No such thing as a bridge too far

Group of Chartwell card play­ers get their reg­u­lar game on track via the Water­loo Cen­tral Rail­way

The Woolwich Observer - - NEWS - VERON­ICA REINER

A CLAS­SIC CARD GAME stirs up fond mem­o­ries for se­niors Harry Stewart and Betty Brown. They’ve con­tin­ued a tra­di­tion of playing a weekly game of bridge in the games room of Chartwell Elmira Re­tire­ment Res­i­dence for the past two years. Last week, how­ever, they took the game on the road with the Water­loo Cen­tral Rail­way in St. Ja­cobs.

“I used to play bridge on the train in 1951,” said Stewart. “I’ll tell you one thing, it’s the best game in the world.”

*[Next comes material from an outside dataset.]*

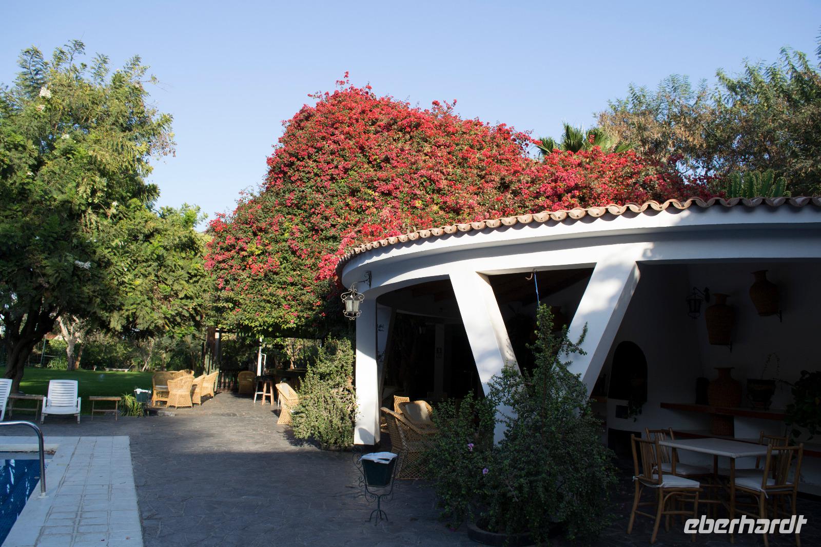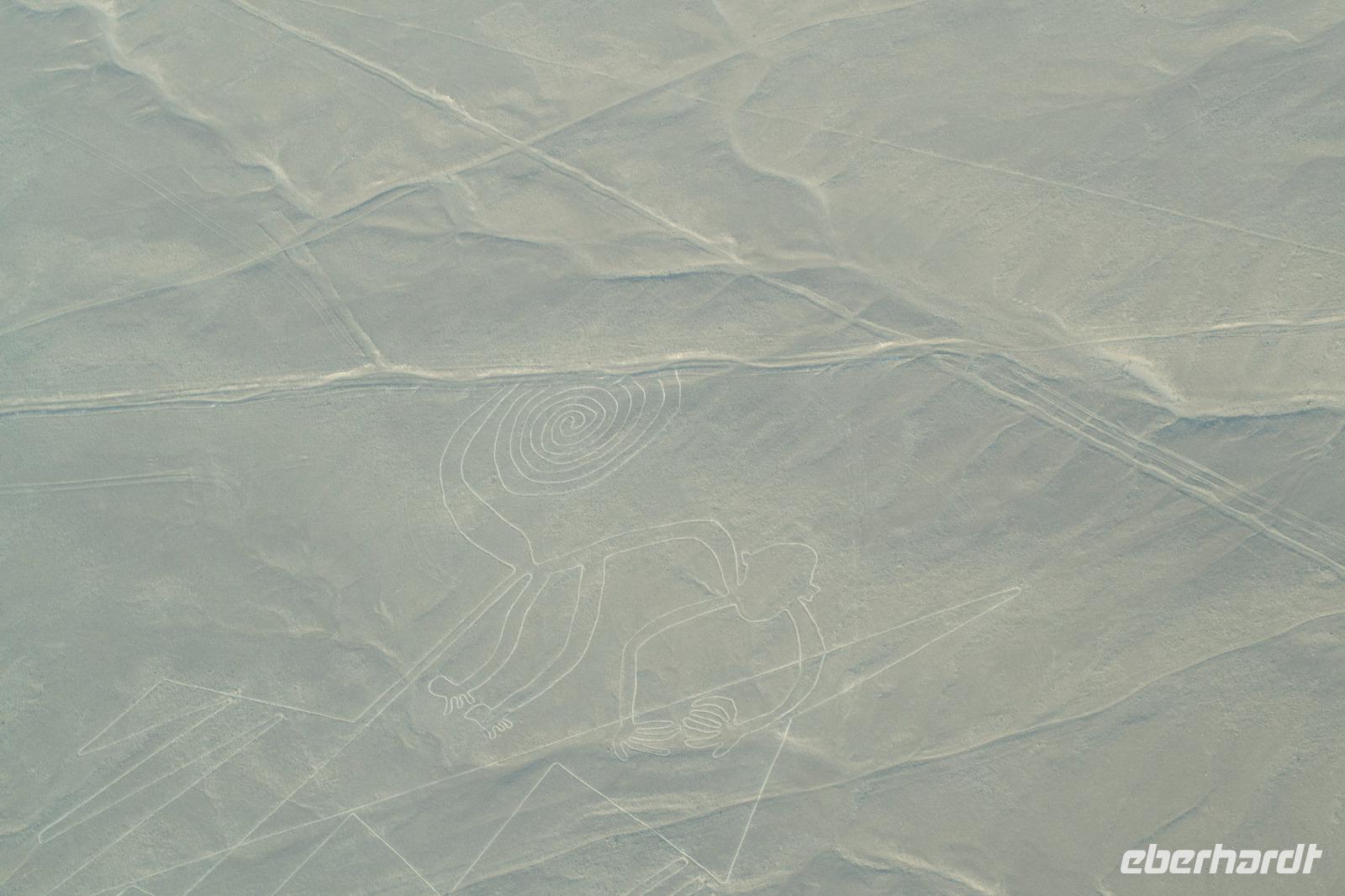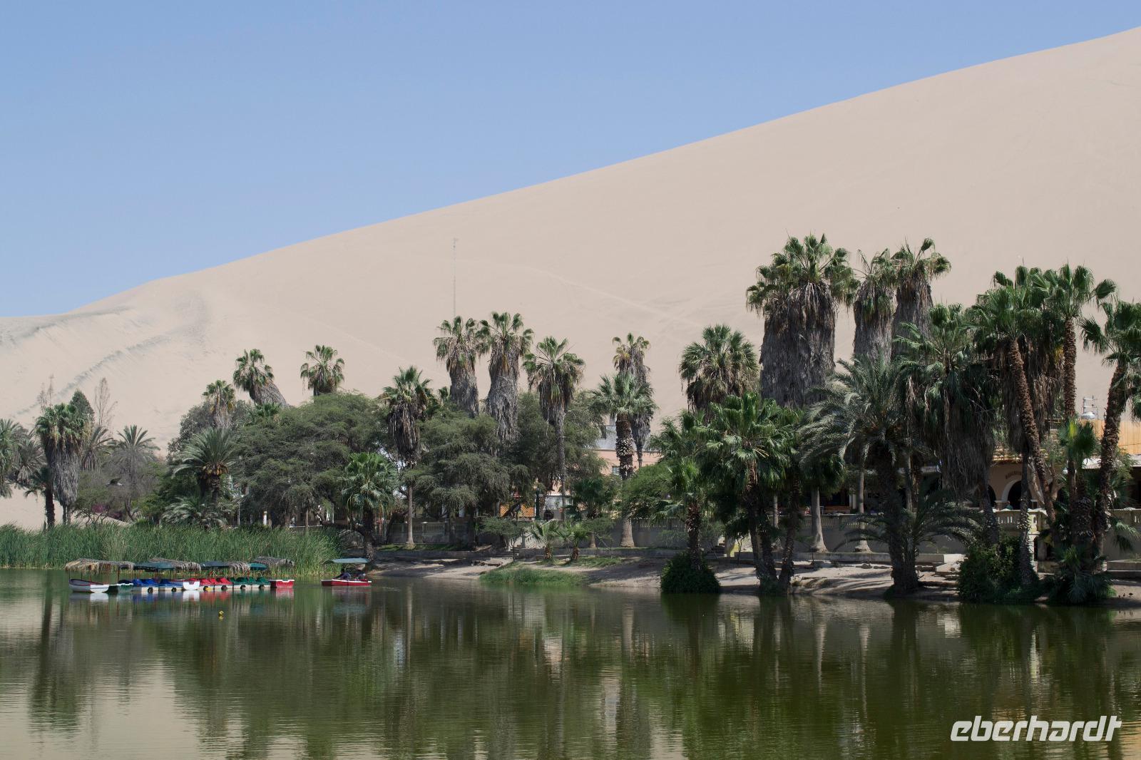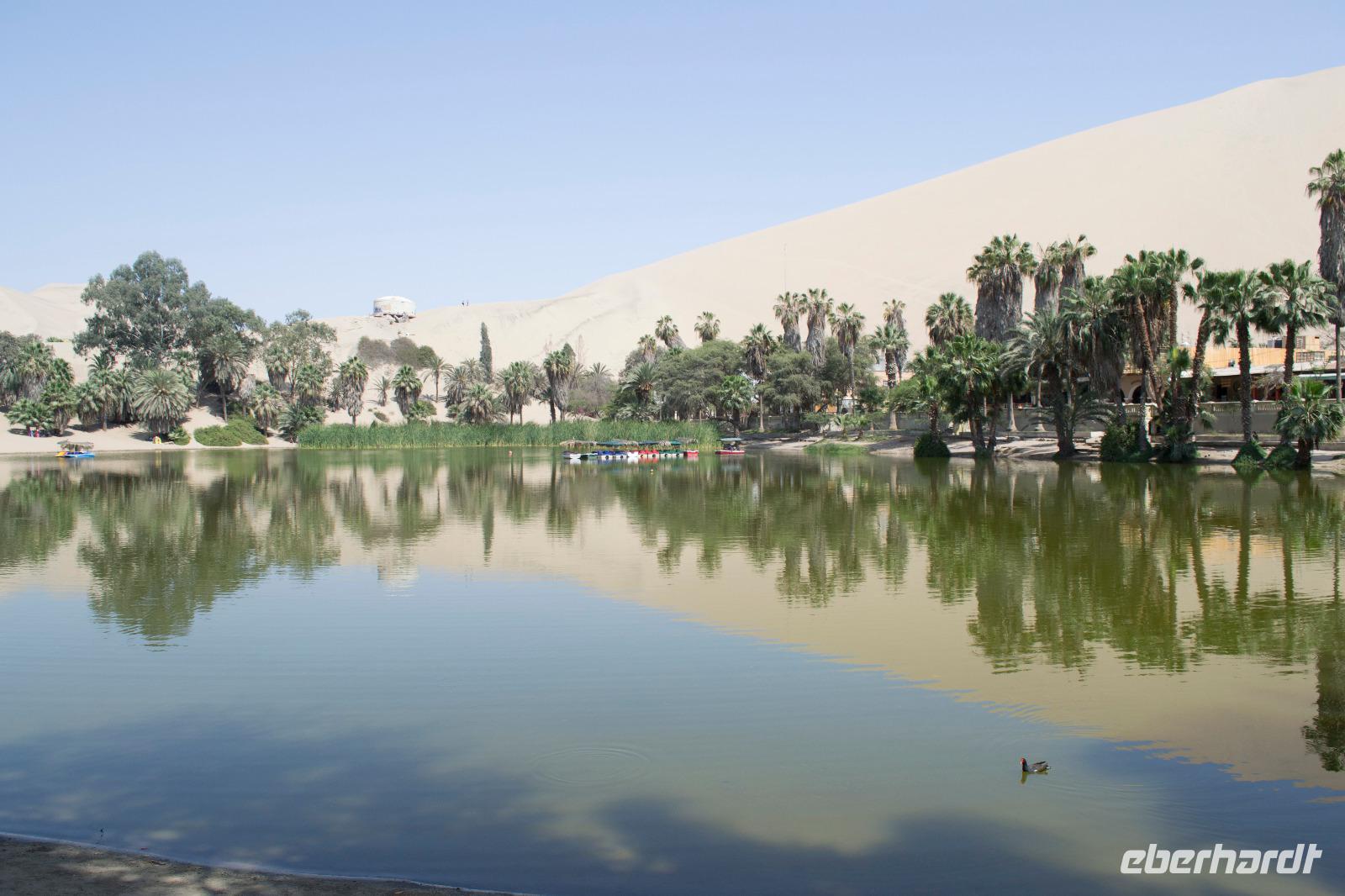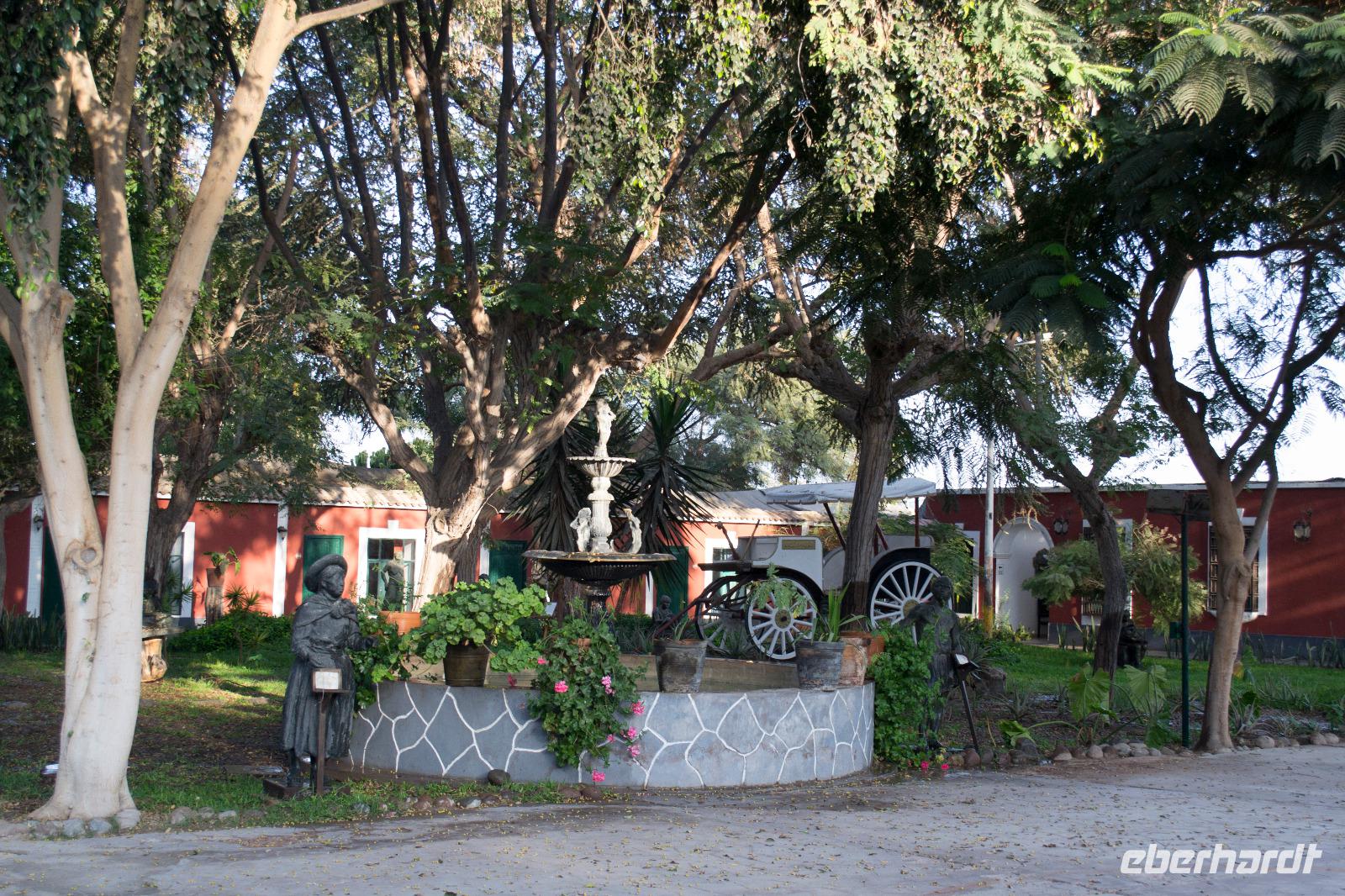 Als erstes stand heute ein Stopp an der Oase "Huacachina" an. Der Name hat seinen Ursprung aus dem Quechua, wobei "huaca" mit "Heiliger Ort" und "china" mit "Frau" übersetzt werden kann. Weiter ging es in den nur sechs Kilometer entfernten Ort Ica. Dieser liegt rund 406 Meter hoch und gehört zur gleichnamigen Provinz. Wir besuchten das "Museo Regional de Ica", wo wir peruanische Überreste bestaunen und teilweise vor gut erhaltenen Mumien und bizarren Menschenschädeln erschrocken. Bevor wir die Nazca Linien erreichten deckten wir uns bei einem großen Supermarkt mit Lebensmitteln und Getränken für die Fahrt ein. Wir sollten eigentlich 14 Uhr die Flugstation der Nazca Linien erreichen, doch der Transport von Windmühlteilen kam uns in die Quere. Wir konnten also mit an sehen wie die LKWs sich die Serpentinen entlang nach unten Richtung Tal quälten. Dadurch verloren wir sehr viel kostbare Zeit, denn die Flüge für die ankommenden Reisegruppen werden nach Ankunftszeit sofort verteilt. Doch durch die Hilfe unseres Reiseleiter Ernesto und der guten Vorarbeit im Bus und Einteilung in zwei Gruppen kamen alle Reisegäste noch an demselben Tag in den Genuss des Rundfluges über die berühmten Linien. Sie sind riesige Geoglyphen in der Wüste bei Nazca und Palpa. Die Nazca-Ebene zeigt auf einer Fläche von 500 km² schnurgerade, bis zu 20 km lange Linien, Dreiecke und trapezförmige Flächen sowie Figuren mit einer Größe von zehn bis mehreren hundert Metern. Diese können nur bei einem 30 minütigen Rundflug in Kleinflugzeugen erlebt werden. Nach diesem Höhepunkt waren wir alle überglücklich und freuten uns zunächst auf ein tolles Abendessen in dem lokalen Restaurant „El Porton" mit tollem Flair und einem köstlichen Pisco Sour. Die Nacht verbrachten wir auf dem Gut „Majoro" mit einer romantischen Hotelanlage und den ersten Lamas zwischen den Sonnenliegen und der Poolbar.

“Harry was on the train from Toronto to Van­cou­ver back in 1951,” ex­plained Jeff Beatty, who works in main­te­nance at Chartwell and joins in the tra­di­tion. “He didn’t know any­thing about bridge, but some of the other play­ers on the train needed a fourth be­cause you need to have four play­ers. So Harry of­fered to play. And they played day and night from Toronto to Van­cou­ver for three days. They only got a cou­ple of hours of sleep.”

For last Thurs­day’s out­ing, they were joined by Carla Schott, who also works at Chartwell. Their pas­sion for the game in­spired her.

“I played bridge in Grade 7 and liked it, but never played again,” said Schott. “I started up again when I heard these guys were playing I thought, ‘oh, maybe I should try that.’”

The trip was ar­ranged in cel­e­bra­tion of Stewart’s birthday, with both Brown and Stewart now be­ing oc­to­ge­nar­i­ans.

“We were think­ing of dec­o­rat­ing the games room where we nor­mally play, but it’d be much more dif­fi­cult to make it look like a rail­road car,” said Beatty. “So we came up with the idea of ‘let’s just take a real train and do it!’ So that’s how it came about.”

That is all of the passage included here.